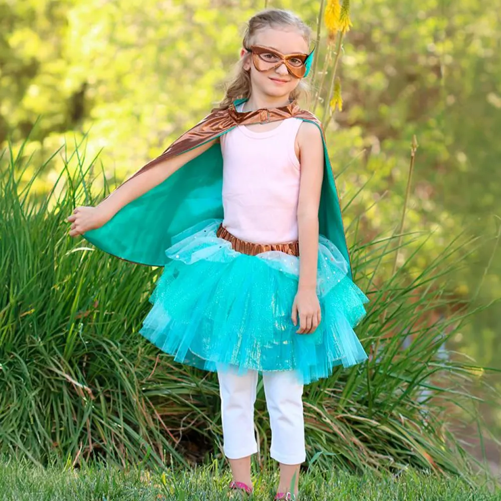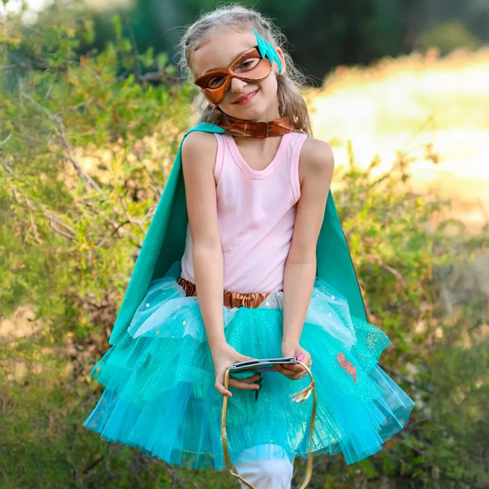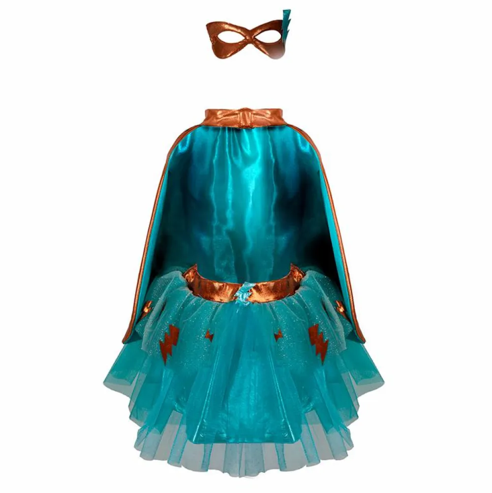 Stjerner og lyn på tyl-skørtet. Kappen kan lukkes med velcro, så dit barn selv kan tage den på, og den matcher i farven til masken.
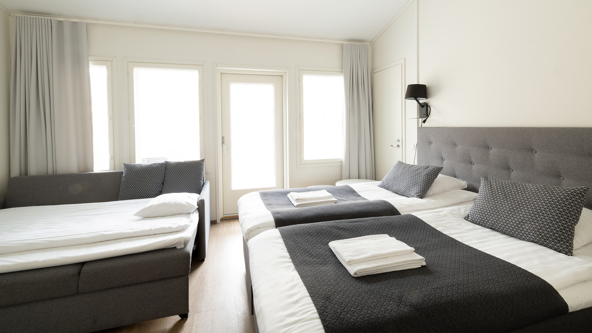 Sopii yksin matkustaville, pariskunnille ja pienille perheille. Huonekoko 22-24 m2. Vuoteet kahdelle. Lisäksi 2 h vuodesohva.
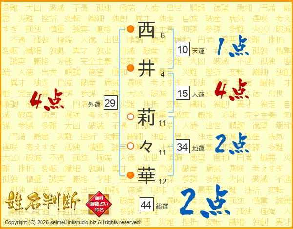 西井莉々華さんの総運は44画の2点!
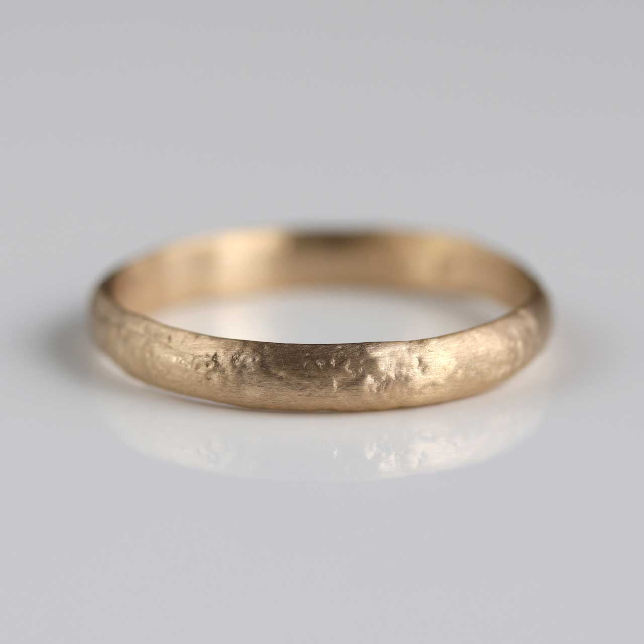 This distinctive band has an uneven, rugged texture that gives it the look of a timeworn, ancient ring. The organic, nonuniform edges gently rise up and down, mimicking life's ever-changing journey. In contrast to our 3mm Ancient Band, this ring has a more rounded profile, with a deeper texture.
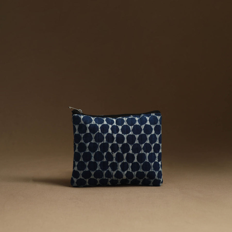Organize your essentials with this blue handmade cotton multipurpose utility pouches (set of 3). Ideal for storing makeup, jewelry, medicines, or stationery, these pouches offer both functionality and style. Crafted with care by artisans, they feature a foam layer lining for added protection and a smooth zipper closure for easy access.

Task description:
Return the listing verbatim, pictures excluded.

Result:
 Stjerner og lyn på tyl-skørtet. Kappen kan lukkes med velcro, så dit barn selv kan tage den på, og den matcher i farven til masken.
 Sopii yksin matkustaville, pariskunnille ja pienille perheille. Huonekoko 22-24 m2. Vuoteet kahdelle. Lisäksi 2 h vuodesohva.
 西井莉々華さんの総運は44画の2点!
 This distinctive band has an uneven, rugged texture that gives it the look of a timeworn, ancient ring. The organic, nonuniform edges gently rise up and down, mimicking life's ever-changing journey. In contrast to our 3mm Ancient Band, this ring has a more rounded profile, with a deeper texture.
Organize your essentials with this blue handmade cotton multipurpose utility pouches (set of 3). Ideal for storing makeup, jewelry, medicines, or stationery, these pouches offer both functionality and style. Crafted with care by artisans, they feature a foam layer lining for added protection and a smooth zipper closure for easy access.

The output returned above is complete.